Source material —
--------------------
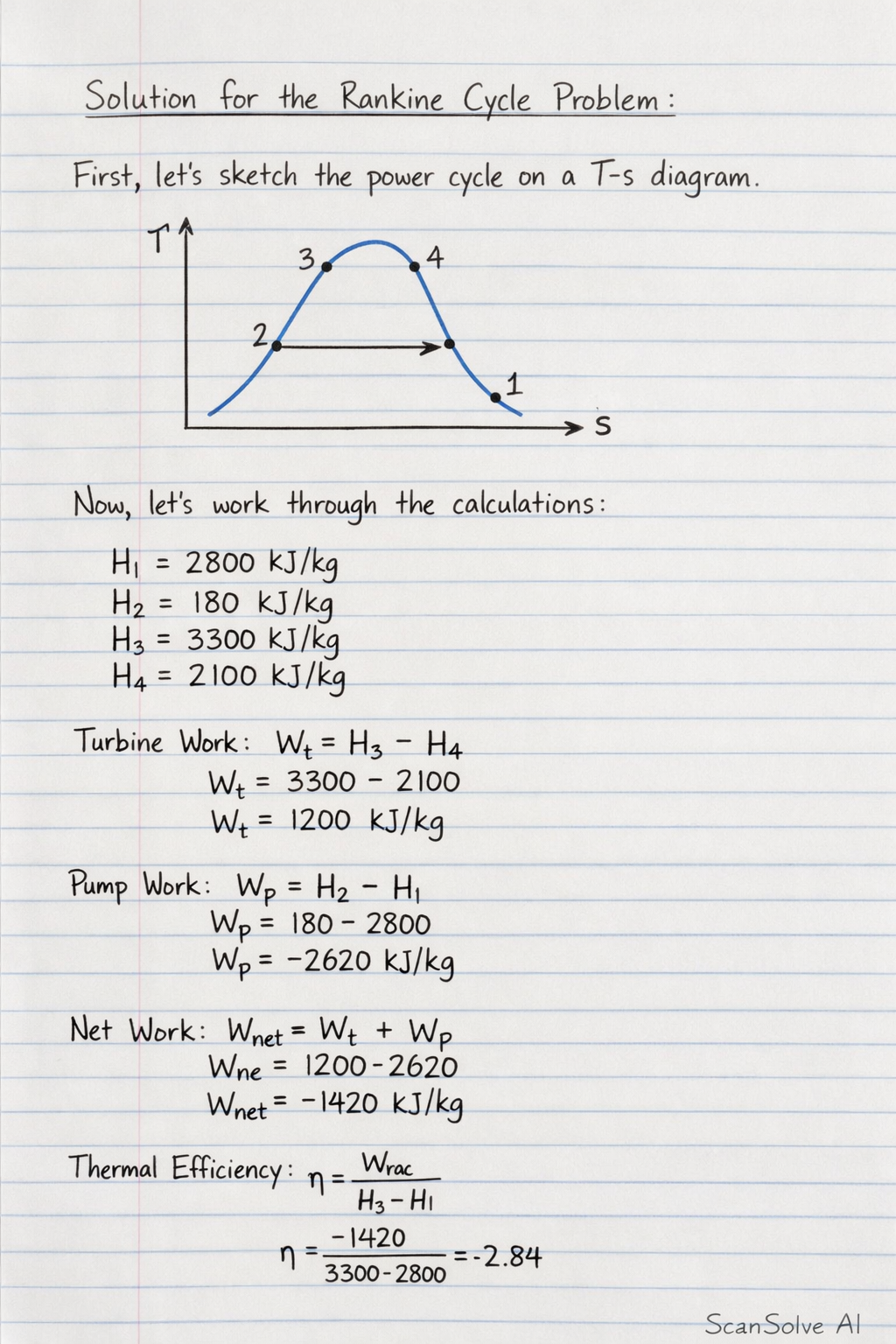 Here's the solution for the Rankine cycle problem.
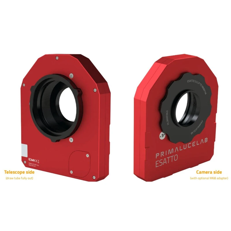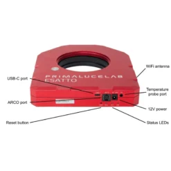 ESATTO 3,5” LP is the most advanced yet affordable low profile robotic focuser specially designed for the most demanding astrophotography! At just 32mm of thickness, ESATTO 3,5” LP provides a large 90mm free aperture with 10mm of travel, impressive 10 kg of payload capacity and an astounding resolution of 0.01 microns per step! ESATTO 3,5” LP has been designed for telescopes with little available backfocus, requiring a low profile focuser – Great for astrographs! And like all the other ESATTO focusers, it comes with a USB-C port to let control it from your EAGLE or any Windows computer, ARCO port to let you connect to ARCO rotator, temperature probe port, WiFi connection to let you wirelessly control with a smartphone or tablet and dimmable LED lights!
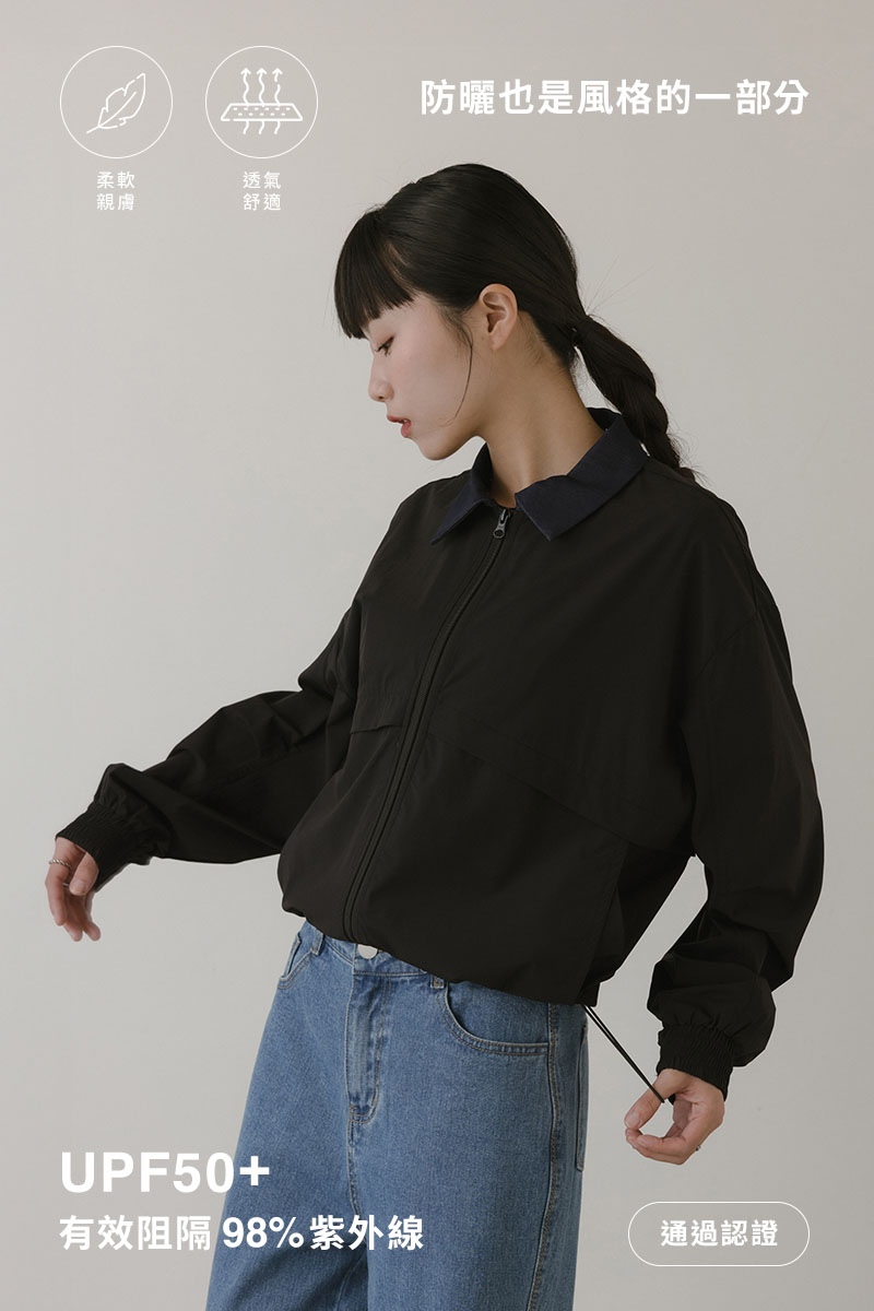 防曬抗UV撞色領片輕薄外套
--------------------
Task prompt — Skipping any pictures, transcribe the full listing exactly.

Solution to the exercise —
 Here's the solution for the Rankine cycle problem.
 ESATTO 3,5” LP is the most advanced yet affordable low profile robotic focuser specially designed for the most demanding astrophotography! At just 32mm of thickness, ESATTO 3,5” LP provides a large 90mm free aperture with 10mm of travel, impressive 10 kg of payload capacity and an astounding resolution of 0.01 microns per step! ESATTO 3,5” LP has been designed for telescopes with little available backfocus, requiring a low profile focuser – Great for astrographs! And like all the other ESATTO focusers, it comes with a USB-C port to let control it from your EAGLE or any Windows computer, ARCO port to let you connect to ARCO rotator, temperature probe port, WiFi connection to let you wirelessly control with a smartphone or tablet and dimmable LED lights!
 防曬抗UV撞色領片輕薄外套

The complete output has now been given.